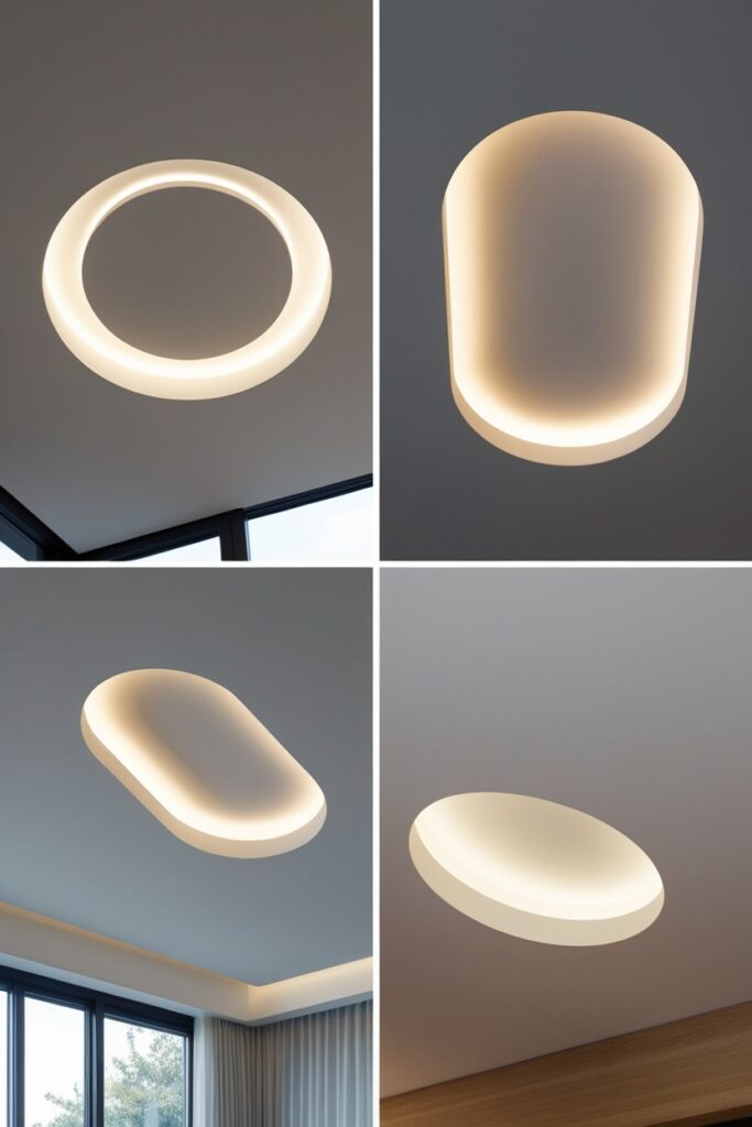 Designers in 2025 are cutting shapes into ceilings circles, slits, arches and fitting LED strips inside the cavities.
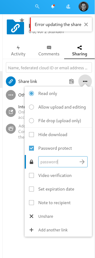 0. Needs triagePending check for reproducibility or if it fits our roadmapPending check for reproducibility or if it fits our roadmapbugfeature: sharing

——

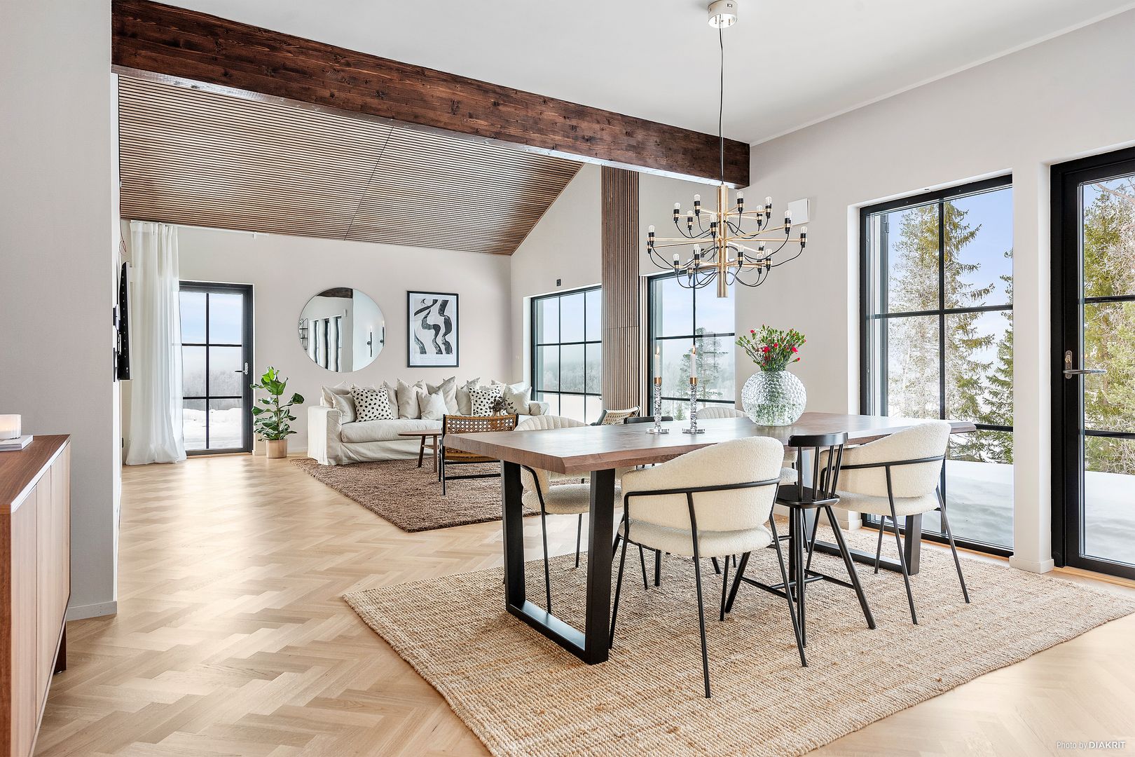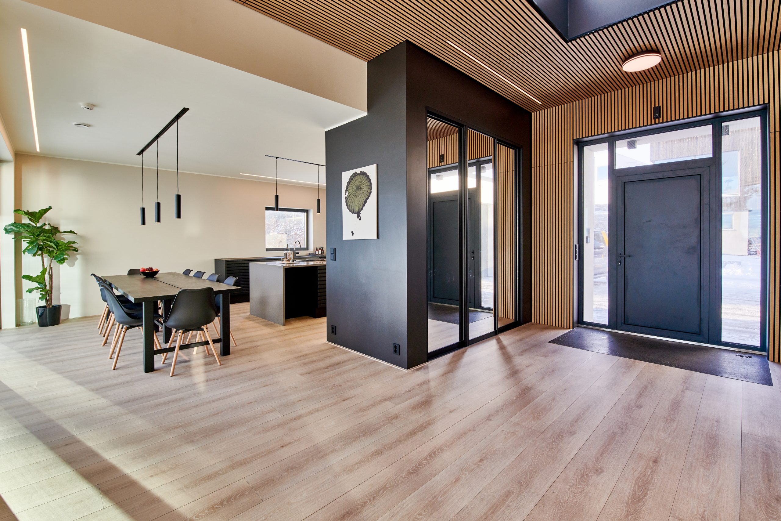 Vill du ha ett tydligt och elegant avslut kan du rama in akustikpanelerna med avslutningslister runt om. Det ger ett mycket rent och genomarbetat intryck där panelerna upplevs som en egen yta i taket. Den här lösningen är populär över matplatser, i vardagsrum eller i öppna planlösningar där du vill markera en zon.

——

- [Exercise requirements]
Among the entries above, find the line with "Designers in 2025" and repeat exactly from there through the line with "0. Needs triagePending", leaving out the pictures.

- [Response box]
 Designers in 2025 are cutting shapes into ceilings circles, slits, arches and fitting LED strips inside the cavities.
 0. Needs triagePending check for reproducibility or if it fits our roadmapPending check for reproducibility or if it fits our roadmapbugfeature: sharing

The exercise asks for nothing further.